[Items listed in a dataset]
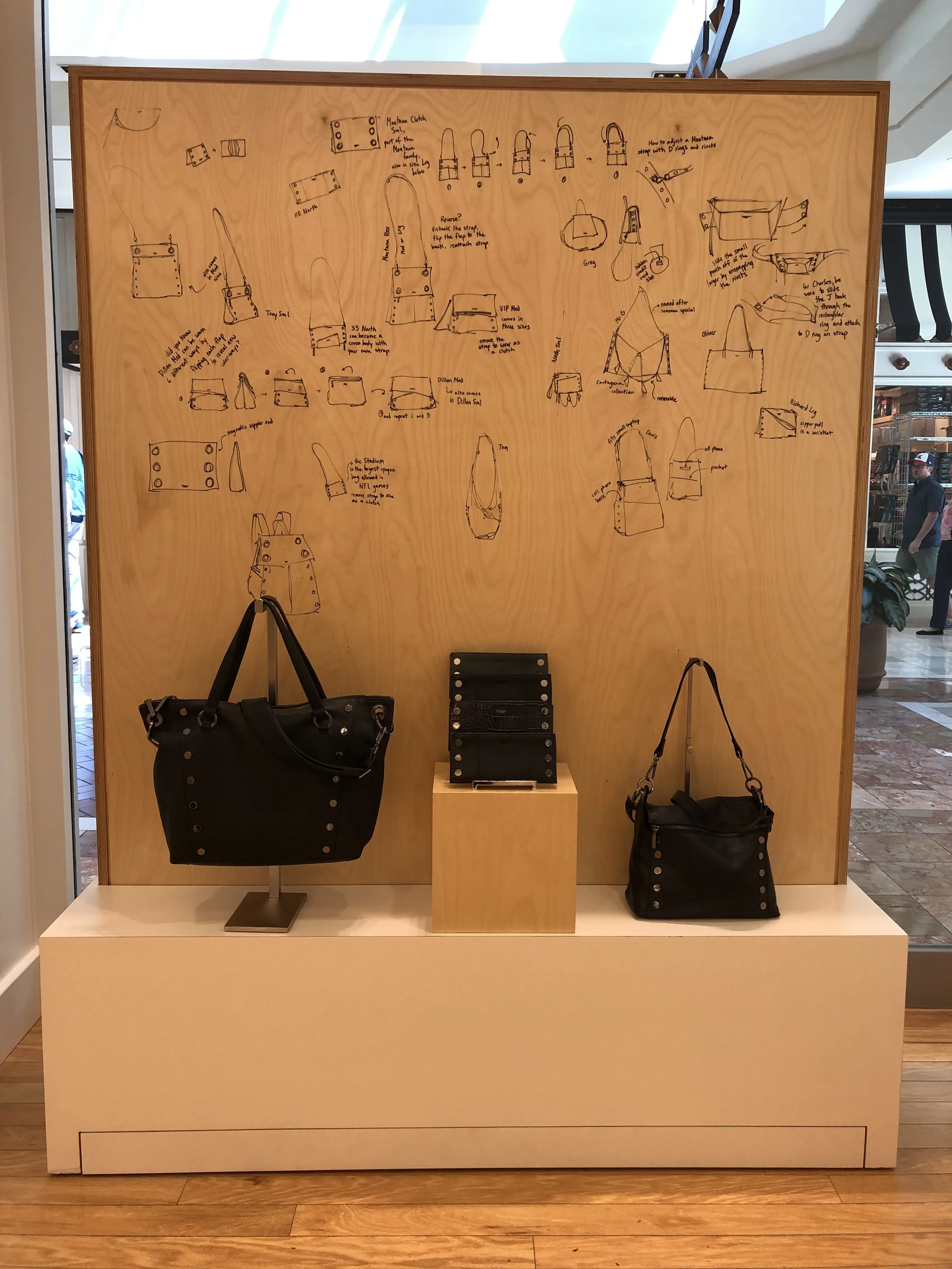 Located in the South Coast Plaza mall in Costa Mesa, California, KOR Services worked closely with Hammitt Handbags LA to design and produce a retail display system for what was intended to be a 6 month pop up.
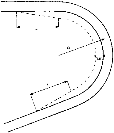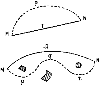 FIGURA 13. - La curva de radio grande M R N es preferible a las dos curvas en sentido contrario M p q r N.
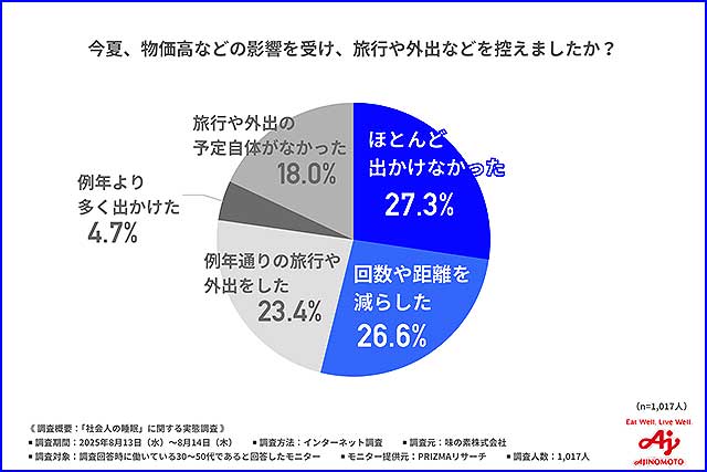 物価高などの影響を受け、旅行や外出などを控えたり、回数や距離を減らした方も約54%と半数を超え、経済的な事情での「リフレッシュ控え」の実態も明らかに。
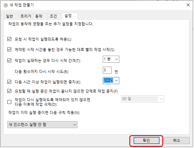 조건 창의 경우 별로 설정해줄 것이 없었다 그대로 진행함
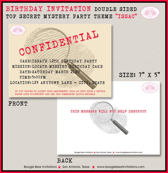 Mystery Clue Birthday Party Invitation Top Secret Girl Boy 1st Etsy
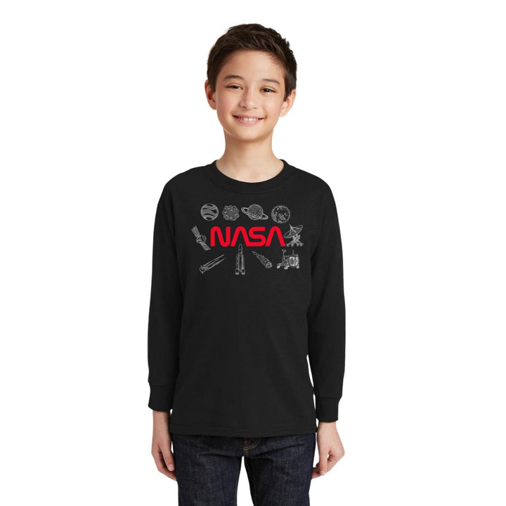 Playera infantil manga larga, cuello redondo para niño o niña nueva, diseño original impreso con tecnología DTG (directo a la prenda) tacto cero, uso casual o deportiva, 100% algodón, estructura tubular sin costuras laterales. Colores de camiseta: Negro, Blanco.

▶ [Problem to work on]: Every line from the one containing "FIGURA 13. - La" through the end of the records is to be returned exactly, and those lines alone; pictures are dropped.

▶ [Response]:
 FIGURA 13. - La curva de radio grande M R N es preferible a las dos curvas en sentido contrario M p q r N.
 物価高などの影響を受け、旅行や外出などを控えたり、回数や距離を減らした方も約54%と半数を超え、経済的な事情での「リフレッシュ控え」の実態も明らかに。
 조건 창의 경우 별로 설정해줄 것이 없었다 그대로 진행함
 Mystery Clue Birthday Party Invitation Top Secret Girl Boy 1st Etsy
 Playera infantil manga larga, cuello redondo para niño o niña nueva, diseño original impreso con tecnología DTG (directo a la prenda) tacto cero, uso casual o deportiva, 100% algodón, estructura tubular sin costuras laterales. Colores de camiseta: Negro, Blanco.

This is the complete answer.